The file command outputs a description of the file type for any pathnames given as arguments. Try it with . and .. and one other non-directory file as arguments.

Use ls -lh and the file command to find one or more smallish (text) file in your directory tree, and cat their contents to the screen. For example, when I type file entrypoints, I get the output

entrypoints: ASCII text

telling me it is a text file, and ls -lh entrypoints NOTES displays

-rw-r--r-- 1 genovese staff 12K Oct 28  2017 NOTES
-rw-r--r-- 1 genovese staff 228 Oct 26  2017 entrypoints

telling me that the latter has size 12 kilobytes and the former 228 bytes.

If you cat a long file, the output will all scroll by. This has its uses, but more often you want to see the contents a little at a time. Like cat, the more and less commands (whichever you have) take pathnames as arguments but scroll the contents at your discretion. Try it on a longer file to see what happens; use space to scroll another page (though there are other commands).

Ex: less ~course-materials/lectures/week1/week1T.org.
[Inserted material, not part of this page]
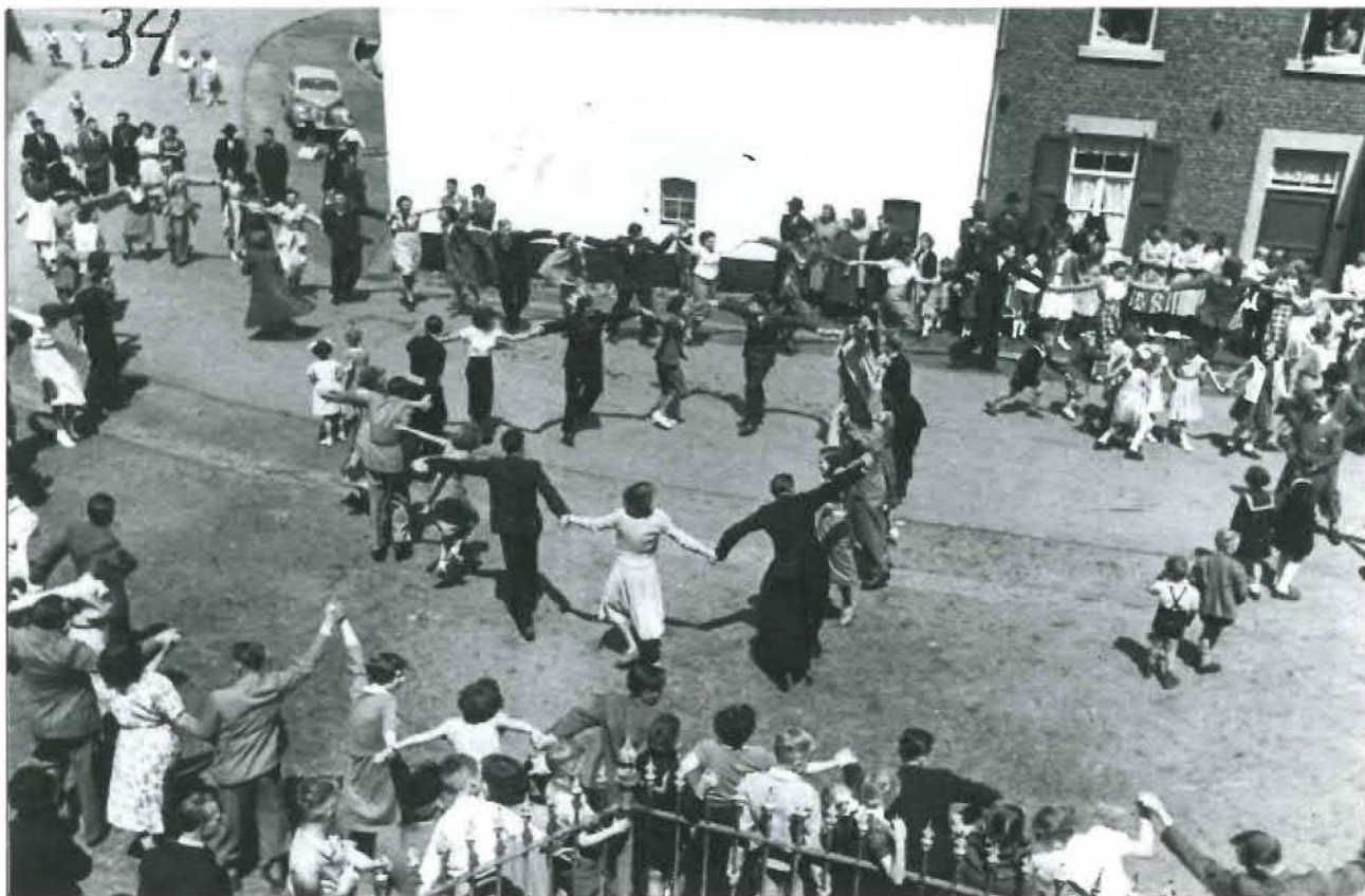
Afb. 5. Op maandag wordt de cramignon in Breust en aan het Station gedanst. Opname Breust (Sint Martinusstraat), 1952 Collectie SEV nummer 197).

plet [nu Stationsplein 2; Chinees-Indisch restaurant Lan's Garden] waar men even pauzeerde voor een glas bier. Als plotseling de trom geroerd wordt, springt de Jonkheid recht en bij de inzet der muziek is het alsof iemand ergens een electrisch contact heeft ingestoken en dan barst het geweld los. De sliert danst en kronkelt en de jongens en meisjes rukken aan de armen alsof zij bij iedere zwaai hun buurmeisje of jongen in de lucht willen tillen. Zo danst de sliert, en het gaat met geweld door de huizen heen, vóór in en achter uit. De Cramignon trekt van vijf uur tot 's nachts twaalf. Het zijn niet alleen de jonge mensen, maar vooral op Dinsdag in Eysdenkom, ook de ouderen die worden aangegrepen door 't Cramignon-vuur. Met soevereine bruine gezichten staan de Ambonnezen (Sic!)[zij waren gehuisvest in het inmiddels afgebroken Capucijnenklooster te Breust] deze inboorlingendans te bekijken. Oververmoeid, schoenen kapot en voor acht dagen spierpijn, zo rolt de Eysdense Jonkheid die avond te bed. En een al wat kalmer Eysdenaar, vader van een stoet kinderen, bekent ons, dat in die Cramignon voor hem alles samengepakt zit van zijn dorpsjeugd, zijn eerste

Manipulating files and directories (cp, mv, rm, mkdir, rmdir, chmod#

These common commands help you manage your files:

Command What it does
cp copy files to new locations
mv move (rename) files
rm remove (delete) files
mkdir create a new directory
rmdir remove an empty directory
chmod change a file’s access permissions

Common forms:

cp file newfile
copy file to newfile, overwriting existing without -i option.
cp file1 file2 ... fileN dir
copy file’s to directory dir
mv file newfile
rename file to newfile, overwriting existing without -i option.
mv file1 file2 ... fileN dir
move file’s to directory dir
rm file1 file2 ... fileN
remove files (with -i option, will ask to confirm)
mkdir dir1 dir2 ... dirN
create new directories with given path
rmdir dir1 dir2 ... dirN
remove empty directories
chmod +x file
tell the shell that file is an executable program

Try mkdir foobarzap. Type ls -F to see that it has been created. Then type rmdir foobarzap to eliminate it.

If your directory were not empty, you would need to remove its contents before doing rmdir.

Be careful with the rm command, especially with wildcards. You cannot undo a delete! The shell does not have a Recycle Bin. For this reason, I always use rm -i, which asks me before deleting anything.

Shell commands and arguments #

Shell commands are the names of executable files – aka programs or apps – on the file system. Shell commands start with the command name followed by one or more arguments. The arguments are separated by spaces. (Some commands, like git, include a subcommand name after the command name, such as git branch or git commit, but otherwise look similar.)

We saw the echo command used above. Here are a few more examples. Try these at your shell:

  • echo Hello, World
  • which git
  • ls
  • ls -A
  • ls -F
  • ls -lrt ..
  • ls -1F /bin/ls /bin/bash /usr/local/bin/git

In all of these, the first word names the command, and what follows is a mixture of options and other arguments. Some commands require arguments, some work with none.

By convention, arguments that begin with - set configuration options. Compare the results of ls, ls -l (minus ell), ls -lr (minus ell, r), and ls -lrt (minus ell, r, t). What do the included ell, r, and t appear to do?

Because of historical developments, there are a variety of ways that programs represent these options. The most common current conventions (POSIX) is:

  • A single - starts a short option or flag, which is named by a single letter. A short option may itself require arguments, which must immediately follow the option (either within the same argument or as the next argument). For instance

    dvips -o foo.ps foo.dvi
    sort -k6,7 file
    sort -k 1,3 file
    perl -iorig program.pl
    

    A flag, on the other hand, represents an on or off switch. It does not take arguments, so multiple flags can be combined in one string, as in -lrt above.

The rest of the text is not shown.